In 2000, Matt Drake and Ben Carter got together to form a covers band. As Drake had advanced on the guitar by this time, they asked him to join the band. After bassist Mike Alexander joined, they played many shows together over the next few years.

After school Matt Drake and Carter would get together and jam their favourite Metal tracks, mostly being Metallica, Megadeth and Slayer songs. A jam took place in an old church in Honley. Drake came along one day and was impressed with how loud and powerful it was, having never experienced live music before. After months of practicing, Drake had learned some Metallica solos, and asked if he could join in. From the first rehearsal together he was hooked on being in a band, and he knew what he wanted to do.

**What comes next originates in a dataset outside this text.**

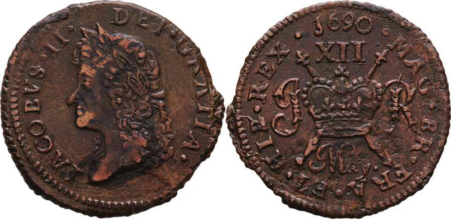 Shilling 1690 - May - nouzová mince občanské války, KM.100 (bronz), 4.456g, nepravidelný okraj, pat. R!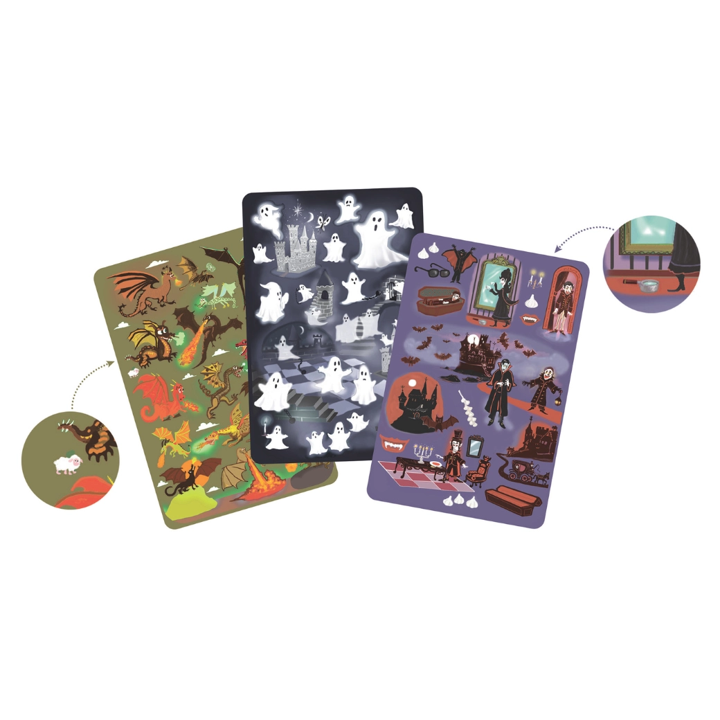Tematske nalepke z zmaji, duhovi in vampirji so odlične za ustvarjanje, okraševanje zvezkov ali kot nagrade po igri. Spodbujajo dodatno ustvarjalno igro.

Inspired by James Hetfield, Drake's parents would drive him across the UK to locate an ESP Explorer guitar. He decided this was not the guitar for him, and settled for a BC Rich Jr V. He would use the BC Rich for every show from then on, borrowing his father's Ibanez guitars as a backup.

They would go on to play live in the local areas under the name Metal Militia, Drake taking on the role of lead guitarist, though after three or four years, this grew stale for the band, forcing them to eventually go on to form Evile in 2003. Original songs would feature in the live set, with positive results.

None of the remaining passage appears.